Johannes "Johan" Törnström (17 April 1743 – 20 February 1828) was admiralty sculptor to the Swedish Navy at the Karlskrona naval base. He carved a number of figureheads for naval vessels, which are now housed at the Marinmuseum.

==Early years==
Törnström was born in Ekeby, Västmanland. The son of a farmer, Törnström apprenticed in Stockholm with the wood sculptor G. J. Fast, and with the Frenchman Jean-Baptiste Masreliez (or Maserliez) (1753–1801). While Masreliez trained Törnström in wood carving and cabinet making, he never received formal training at the Royal Swedish Academy of Arts. His work, and that of Fredrik Henrik af Chapman, the Swedish Naval officer and shipbuilder, was inspired and influenced by the Neoclassical ideas of Admiral Augustin Ehrensvärd.

==Career==
Törnström worked for a time as a furniture carver; he created works for the Stockholm Royal Palace until 1781; he created carvings for ships. Most likely, Törnström became acquainted with af Chapman during this time.

In 1781, af Chapman became manager of the Karlskrona shipyard, and summoned Törnström to become the official figurehead carver to the Navy. From 1782 to 1818, he worked at the shipyard's Sculptor's Workshop, which was originally built in the 1760, but whose masque crowning was redesigned by Törnström in a Neoclassical architectural style, meant to represent the classical Greek goddess of drama. He created most of the figureheads for 19 frigates (female depictions) and 15 ships of the line (male depictions) during his years at the Karlskrona shipyard. The oak carvings depicted Neoclassical figures, which could be more than 10 ft in height and could take as much as 24 months to complete. While his style was described as "rugged" and "chunky", and evoked antique ideals as patriotic works, his female figures were characterized as buxom, wearing diaphanous clothing. Several of his figureheads are part of the collection at the Marinmuseum on Stumholmen Island in Karlskrona, ten of which arrived in the 1960s.

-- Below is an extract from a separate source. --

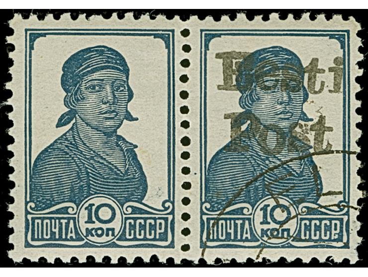 1941, 10 Kopeken dunkelpreußischblau, waagerechtes Paar, dabei die linke Marke ohne Aufdruck, farbfrisch und gut gezähnt, sauber gestempelt, tadellos. Eine sehr seltene Einheit, ProFi hat kein weiteres Stück registriert, sign. EKeiler sowie Fotoattest Krischke BPP (1992)

When the Navy suspended shipbuilding in 1790, Törnström created works for churches to provide for his family of ten children. He became a member of the Royal Swedish Academy of Arts in 1803. In 1814, he created the altarpiece and pulpit for the German Church in Karlskrona (Heliga Trefaldighetskyrkan; also, "Church of Holy Trinity"). He died in 1828.

Törmström died in Karlskrona.

==Gallery==
Some of Törnström's figureheads are on display at the Marinmuseum. They include Minerva, Fäderneslandet ("Fatherland"), Fröja, Camilla, Galatea, Försiktigheten ("Prudence"), Äran ("Honour"), Dristigheten, La Badine och Carl XIII.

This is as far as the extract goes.